Results: Firstly, we segregated the patients by tumor cell infiltration at single cell resolution and found that Myc pathway was significantly enriched in patients with high tumor burden (HTB). Next, we performed clustering analysis to tumor cells and identified 13 tumor subpopulations in total. Surprisingly, the distribution pattern of tumor subpopulations presented similarity among HTB patients, whereas we did not find the uniform subpopulation composition among the patients with low (LTB) or medium tumor burden (MTB). Via the tumor subpopulation analysis, we clarified the divergence in biological characteristics of these 13 malignant subpopulations. We identified plasmablasts as displaying high expression of B-cell gene signatures (CD19, CD27, MS4A1 and CD79B) and relatively low expression of plasma cell gene signatures (SDC1 and BCMA). Additionally, we also noted that they showed high level of CD24, which has been validated to be the marker gene for MICs. We next examined proliferative capability and utilized the 70 high-risk gene model and 56 drug resistance-related gene model to further distinguish subpopulations with the most malignant gene expression features. Notably, we found that plasmablasts possessed characteristics of high proliferation, drug-resistance and high-risk gene profiling, indicating their role as the root of myeloma, namely MIC subpopulation. Gene enrichment analysis also implicated that Wnt pathway, Notch pathway, stem cell differentiation pathway and Hedgehog pathway were enriched in MIC subpopulation which were associated with the proliferation, migration and drug resistance of MM. Differentially expressed gene (DEG) analysis showed that common driver genes in myeloma, such as CCND2, ITGB7 and CD74, were upregulated in MIC subpopulation comparing with other subpopulations.

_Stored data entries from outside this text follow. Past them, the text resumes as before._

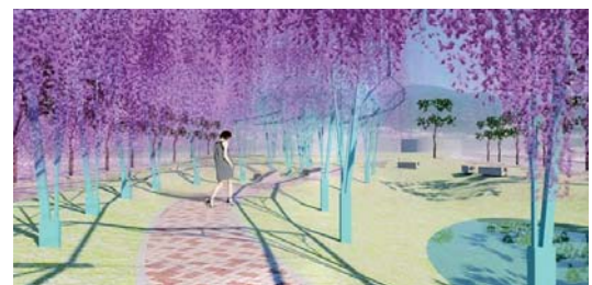
竹東台泥舊廠區公園造型客家花廊示意圖
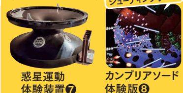
惑星運動体験装置⑦
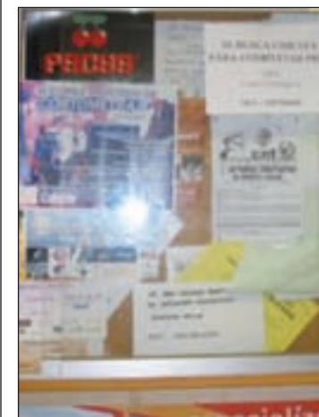
Carteles en una universidad

Las provincias de Madrid, Barcelona y Sevilla acumulan el 52,26% de todos los pisos compartidos del país. Además, el informe subraya que el equipamiento de los pisos compartidos es bastante completo, ya que la mayoría incluyen lavadora, televisión e internet.
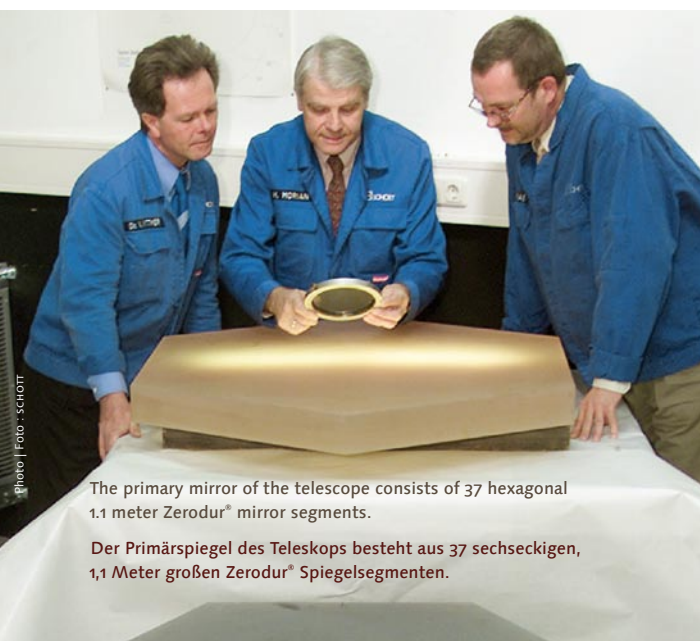
The primary mirror of the telescope consists of 37 hexagonal 1.1 meter Zerodur® mirror segments.

Eines scheint sicher: LAMOST wird die Erfolgsgeschichte der großen Himmeldurchmusterungen wie etwa des Sloan Digital Sky Survey (SDSS) erweitern und vertiefen. Die mit LAMOST aufgenommenen, vielen Millionen optischer Spektren werden für die beobachtende Kosmologie, für die Erforschung der Entstehung und Entwicklung von Galaxien und der Struktur des Milchstraßensystems sowie für die stellare Astrophysik eine neue Grundlage schaffen. <| thorsten.doehring@schott.com
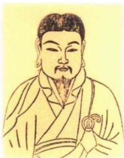
■ 傅大士 · 善慧
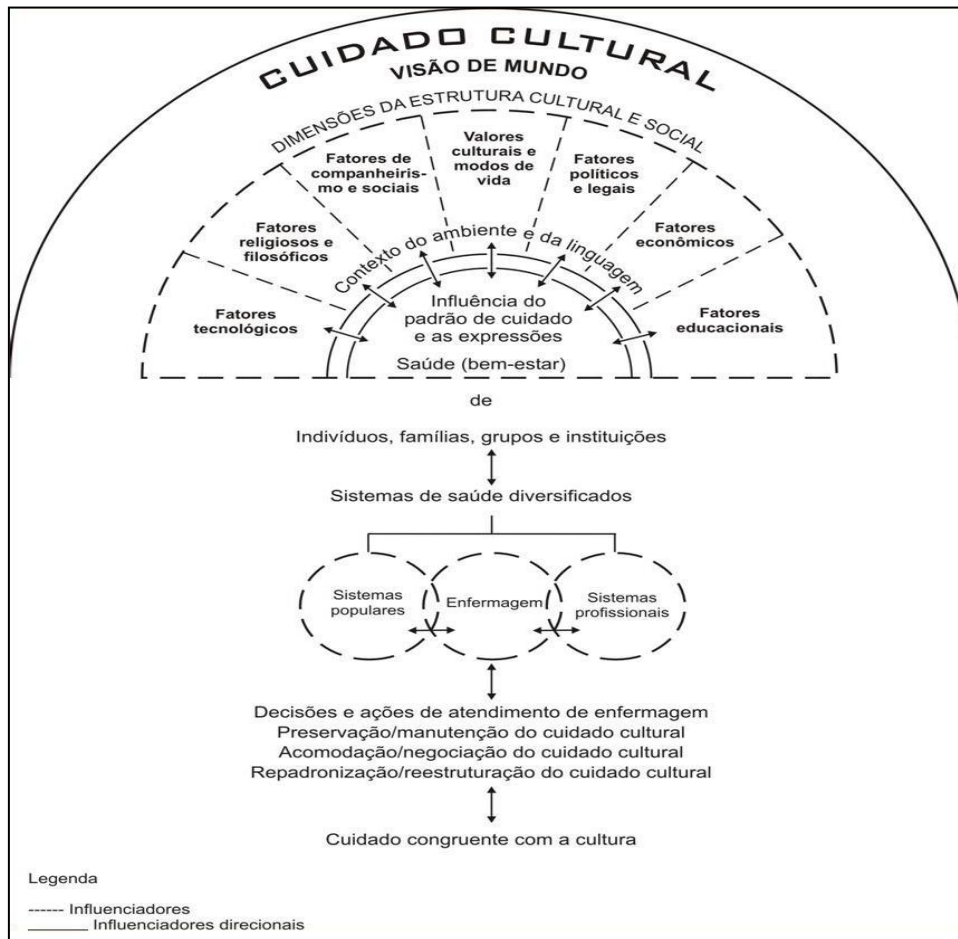
Figura 1: Modelo Sunrise. Reproduzida sem autorização da editora. Tradução livre.

No Modelo Sunrise, os cuidados de Enfermagem estão em intersecção com o cuidado genérico (popular) e o cuidado profissional. A enfermeira é quem tem maior contato com quem é cuidado, assume o papel de educadora e facilitadora da interligação cliente e demais profissionais de saúde.
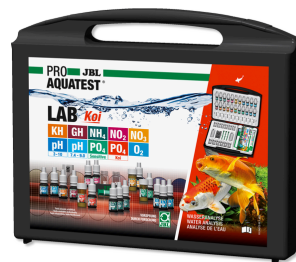
JBL PROAQUATEST LAB Koi Coffret de tests professionnel pour bassins
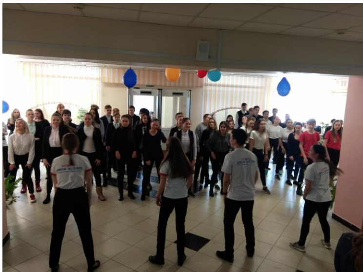
Журналисты зажигают! Или школьный флешмоб во главе с журналистами?
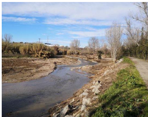
Figura 5. Aspecte de les actuacions dirigides a l'extracció de canya. Esquerra, riu Sec, dreta, riu Ripoll.
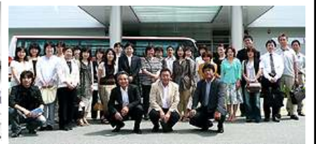
地域勉強会の様子
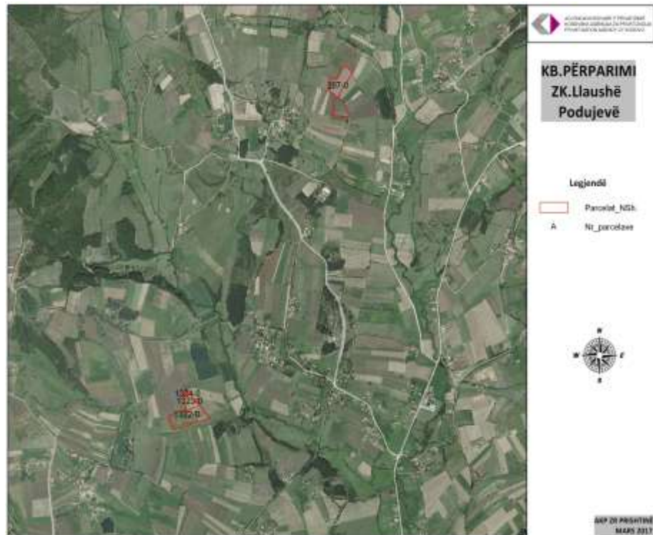
KB Përparimi Tokë Bujqësore Llaushë – orientimi nga gjeoportali

Foto/fotot Ose informata të tjera Për asetet në shitje
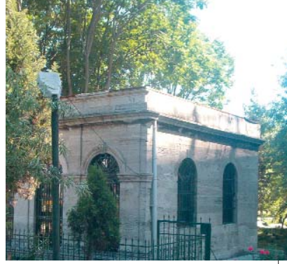
Resim 4; Yavedut türbesi

Conclusion: Our work presents an integral profiling for tumor cells in myeloma at single cell resolution. We uncovered divergence in the distribution of malignant subclusters across patients and distinct heterogeneity in gene expression across malignant subclusters as well. Plasmablasts expressing high level of CD24, CD27 and dim CD138 presented as the MICs with characteristics of higher proliferation, drug-resistance and high-risk gene profiling.

Disclosures

No relevant conflicts of interest to declare.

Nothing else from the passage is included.